[OE-core] meta-gplv2? [Was Re: parted_1.8.6.bb: add parted that not GPLv3]

Andre McCurdy armccurdy at gmail.com
Fri Aug 14 01:43:41 UTC 2015


On Thu, Aug 13, 2015 at 1:42 AM, Philip Balister <philip at balister.org> wrote:
> On 08/11/2015 10:46 PM, Otavio Salvador wrote:
>> On Tue, Aug 11, 2015 at 5:36 PM, Burton, Ross <ross.burton at intel.com> wrote:
>>>
>>> On 11 August 2015 at 16:46, Khem Raj <raj.khem at gmail.com> wrote:
>>>>
>>>> can we freeze this thread please.
>>>
>>>
>>> Or more usefully, reboot it.  Philip, you're turning into Koen!  Alex, if
>>> someone on this list asks what Poky is, 99% of the time they're trolling.
>>> :)
>>>
>>> The original and unanswered question was "should oe-core continue to
>>> maintain GPLv2 recipes where upstream has moved to GPLv3 or should those
>>> recipes move to a standalone layer" with various implied questions:
>>>
>>> - If the v2 recipes move to a separate layer, who own/maintains/tests it?
>>> - Should there be v2 recipes for every recipe that has moved to v3, or only
>>> (as is now) the "more-core" recipes (currently YP tests that core-image-base
>>> builds without GPLv3, nothing else more complicated)
>>> - Should meta-gplv2 only contain recipes from oe-core, or all layers?  If
>>> other layers decide to hold both v3 and v2 recipes (not that I'm aware any
>>> have), what makes oe-core special?
>>>
>>> I'm torn, Richard is torn.  Neither of those are useful to forming a
>>> decision.  Does anyone else have any *useful* feedback?
>>
>> I think it is a matter of resource usage.
>>
>> Up to now, the GPLv2 maintenance has not been so hard and thus I would
>> say for us to stay as is for now. We should revisit this for every
>> release and review if it is time for split it or not.
>>
>
> This would be a good time to remind us who the audience is for the gplv2
> recipes so we understand the amount of manpower behind their maintenance.
>
> My concern keeping then in core is that the commnunity who uses them
> will reduce over time and they will bitrot. If that happens, we should
> create a layer for them and remove them from core.

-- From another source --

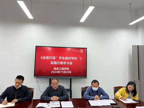 11月25日下午,信息工程学院(筹)组织全体教职工学习“全面打造‘予生最好学校’”实施方案。
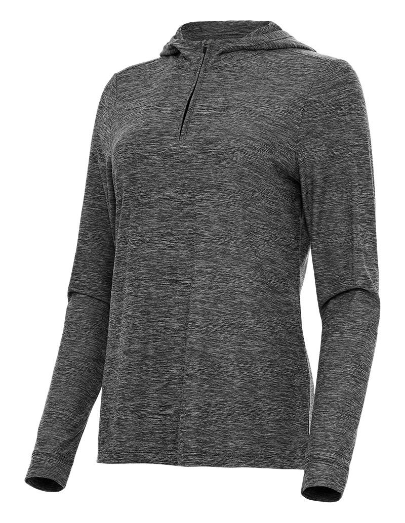 Antigua Women's Daybreak 1/4 Zip Hood: Medium Black Heather Aero Compression

As others have also mentioned, there are certain classes of product
(set-top boxes, automotive, medical, etc, etc) where secure boot and
signed firmware images are a non-negotiable requirement. I don't see
these classes of product going away any time soon, so it's hard to see
the overall need for "GPLv3-free" embedded distros reducing.

Some forward-thinking companies making these types of products are
already switching to OE [1], but I guess the majority are still using
legacy build environments and home-grown distros. Since these
home-grown distros typically take a "conservative" approach to
updating packages, the pain of sticking with older, pre-GPLv3 versions
might not be felt very strongly yet. It will inevitably increase over
time though and as it does there's going to be a growing number of
developers working to maintain pre-GPLv3 versions (or working to
switch to replacement packages with more permissive licenses).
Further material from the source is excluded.